1653 etching and drypoint by Rembrandt

The Three Crosses is a 1653 print in etching and drypoint by the Dutch artist Rembrandt van Rijn, which depicts the crucifixion of Jesus Christ. Most of his prints are mainly in etching and this one is a drypoint with burin adjustments from the third state onwards. It is considered "one of the most dynamic prints ever made".

The subject is Jesus Christ on the cross, flanked by the two thieves who were crucified with him, and the Virgin Mary, mother of Jesus, weeping and supported by the Evangelist. Roman soldiers on horseback, along with grieving citizens, surround the crosses. A beam of light, representing God's light from heaven, pierces the darkened sky to envelop the crucified figure of Christ.

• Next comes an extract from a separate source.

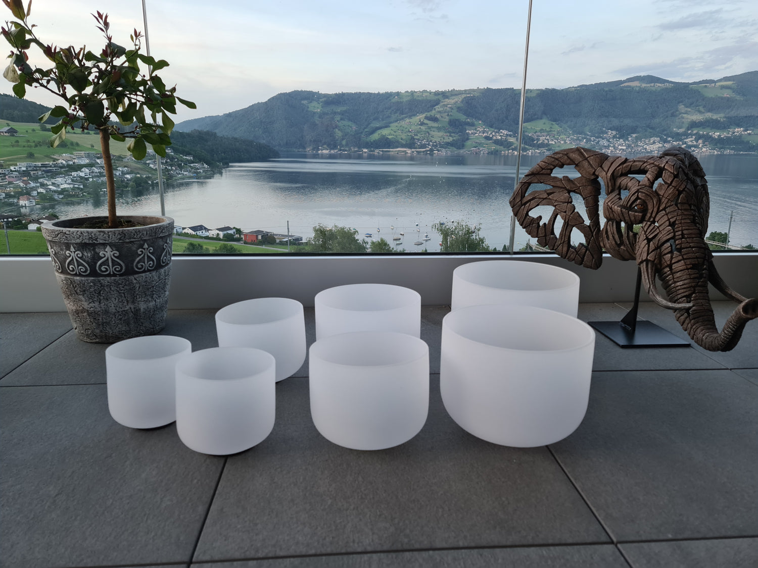 Die sanften Schwingungen der Klangschalen wirken unterstützend, um eine konzentrierte und tiefgehende Meditationspraxis zu ermöglichen.

The print is noted for its especially intricate iconography, and may represent the exact moment of Christ's death. According to Paul Crenshaw of the Kemper Art Museum, Rembrandt was inspired by the text from Matthew 27:46-54 when Christ cried out, "My God, my God, why hast Thou forsaken Me?" Rembrandt drew heavily on biblical sources in his work, as well as being influenced by other Baroque contemporaries. This is one of over 300 Bible-inspired works Rembrandt created.

The Three Crosses does not allow for dramatic contrasts of light and shade, known as chiaroscuro. Rembrandt produced the work in four stages, increasing the effects of the light and shade contrasts at each stage. Etching and drypoint are labor-intensive processes and one of the early forms of printmaking.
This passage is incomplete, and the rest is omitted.